Task data below:
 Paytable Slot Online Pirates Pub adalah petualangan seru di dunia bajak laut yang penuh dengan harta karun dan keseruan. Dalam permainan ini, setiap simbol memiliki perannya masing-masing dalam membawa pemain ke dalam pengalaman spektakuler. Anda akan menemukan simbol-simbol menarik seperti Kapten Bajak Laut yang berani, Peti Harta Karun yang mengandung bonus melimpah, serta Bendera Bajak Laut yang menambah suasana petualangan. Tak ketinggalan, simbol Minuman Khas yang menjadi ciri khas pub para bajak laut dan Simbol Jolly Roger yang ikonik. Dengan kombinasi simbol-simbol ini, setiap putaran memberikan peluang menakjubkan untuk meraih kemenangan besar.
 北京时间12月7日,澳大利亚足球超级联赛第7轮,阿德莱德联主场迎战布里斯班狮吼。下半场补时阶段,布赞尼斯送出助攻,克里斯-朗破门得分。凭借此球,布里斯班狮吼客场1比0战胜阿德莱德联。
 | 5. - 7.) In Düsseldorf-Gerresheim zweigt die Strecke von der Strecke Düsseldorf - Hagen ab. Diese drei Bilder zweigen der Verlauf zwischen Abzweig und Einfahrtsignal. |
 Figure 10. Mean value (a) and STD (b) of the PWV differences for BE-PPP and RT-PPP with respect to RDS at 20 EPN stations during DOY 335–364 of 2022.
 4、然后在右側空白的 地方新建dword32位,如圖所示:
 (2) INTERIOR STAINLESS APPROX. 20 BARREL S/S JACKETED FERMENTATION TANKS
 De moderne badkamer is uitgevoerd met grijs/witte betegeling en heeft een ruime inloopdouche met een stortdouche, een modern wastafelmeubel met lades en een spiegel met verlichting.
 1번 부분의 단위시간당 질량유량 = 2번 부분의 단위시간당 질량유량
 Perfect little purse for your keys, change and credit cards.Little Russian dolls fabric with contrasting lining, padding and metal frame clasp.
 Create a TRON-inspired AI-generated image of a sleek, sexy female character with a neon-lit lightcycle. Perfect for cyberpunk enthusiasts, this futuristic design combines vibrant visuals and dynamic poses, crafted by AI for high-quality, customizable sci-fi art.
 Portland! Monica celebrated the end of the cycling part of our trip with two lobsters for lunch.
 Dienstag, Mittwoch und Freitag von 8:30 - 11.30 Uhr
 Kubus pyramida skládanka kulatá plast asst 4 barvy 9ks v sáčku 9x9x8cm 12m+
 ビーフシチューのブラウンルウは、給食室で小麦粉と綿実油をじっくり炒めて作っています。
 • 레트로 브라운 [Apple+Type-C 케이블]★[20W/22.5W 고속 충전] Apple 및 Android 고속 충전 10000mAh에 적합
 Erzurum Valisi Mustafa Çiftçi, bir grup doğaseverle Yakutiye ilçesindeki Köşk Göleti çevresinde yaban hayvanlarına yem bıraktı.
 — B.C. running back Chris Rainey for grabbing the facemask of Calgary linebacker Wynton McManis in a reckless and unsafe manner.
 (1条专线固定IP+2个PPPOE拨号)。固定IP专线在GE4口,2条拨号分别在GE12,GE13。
End of Task data.
_Aim of the task:_ Your task is to repeat the entries exactly.

_Response for this exercise:_
 Paytable Slot Online Pirates Pub adalah petualangan seru di dunia bajak laut yang penuh dengan harta karun dan keseruan. Dalam permainan ini, setiap simbol memiliki perannya masing-masing dalam membawa pemain ke dalam pengalaman spektakuler. Anda akan menemukan simbol-simbol menarik seperti Kapten Bajak Laut yang berani, Peti Harta Karun yang mengandung bonus melimpah, serta Bendera Bajak Laut yang menambah suasana petualangan. Tak ketinggalan, simbol Minuman Khas yang menjadi ciri khas pub para bajak laut dan Simbol Jolly Roger yang ikonik. Dengan kombinasi simbol-simbol ini, setiap putaran memberikan peluang menakjubkan untuk meraih kemenangan besar.
 北京时间12月7日,澳大利亚足球超级联赛第7轮,阿德莱德联主场迎战布里斯班狮吼。下半场补时阶段,布赞尼斯送出助攻,克里斯-朗破门得分。凭借此球,布里斯班狮吼客场1比0战胜阿德莱德联。
 | 5. - 7.) In Düsseldorf-Gerresheim zweigt die Strecke von der Strecke Düsseldorf - Hagen ab. Diese drei Bilder zweigen der Verlauf zwischen Abzweig und Einfahrtsignal. |
 Figure 10. Mean value (a) and STD (b) of the PWV differences for BE-PPP and RT-PPP with respect to RDS at 20 EPN stations during DOY 335–364 of 2022.
 4、然后在右側空白的 地方新建dword32位,如圖所示:
 (2) INTERIOR STAINLESS APPROX. 20 BARREL S/S JACKETED FERMENTATION TANKS
 De moderne badkamer is uitgevoerd met grijs/witte betegeling en heeft een ruime inloopdouche met een stortdouche, een modern wastafelmeubel met lades en een spiegel met verlichting.
 1번 부분의 단위시간당 질량유량 = 2번 부분의 단위시간당 질량유량
 Perfect little purse for your keys, change and credit cards.Little Russian dolls fabric with contrasting lining, padding and metal frame clasp.
 Create a TRON-inspired AI-generated image of a sleek, sexy female character with a neon-lit lightcycle. Perfect for cyberpunk enthusiasts, this futuristic design combines vibrant visuals and dynamic poses, crafted by AI for high-quality, customizable sci-fi art.
 Portland! Monica celebrated the end of the cycling part of our trip with two lobsters for lunch.
 Dienstag, Mittwoch und Freitag von 8:30 - 11.30 Uhr
 Kubus pyramida skládanka kulatá plast asst 4 barvy 9ks v sáčku 9x9x8cm 12m+
 ビーフシチューのブラウンルウは、給食室で小麦粉と綿実油をじっくり炒めて作っています。
 • 레트로 브라운 [Apple+Type-C 케이블]★[20W/22.5W 고속 충전] Apple 및 Android 고속 충전 10000mAh에 적합
 Erzurum Valisi Mustafa Çiftçi, bir grup doğaseverle Yakutiye ilçesindeki Köşk Göleti çevresinde yaban hayvanlarına yem bıraktı.
 — B.C. running back Chris Rainey for grabbing the facemask of Calgary linebacker Wynton McManis in a reckless and unsafe manner.
 (1条专线固定IP+2个PPPOE拨号)。固定IP专线在GE4口,2条拨号分别在GE12,GE13。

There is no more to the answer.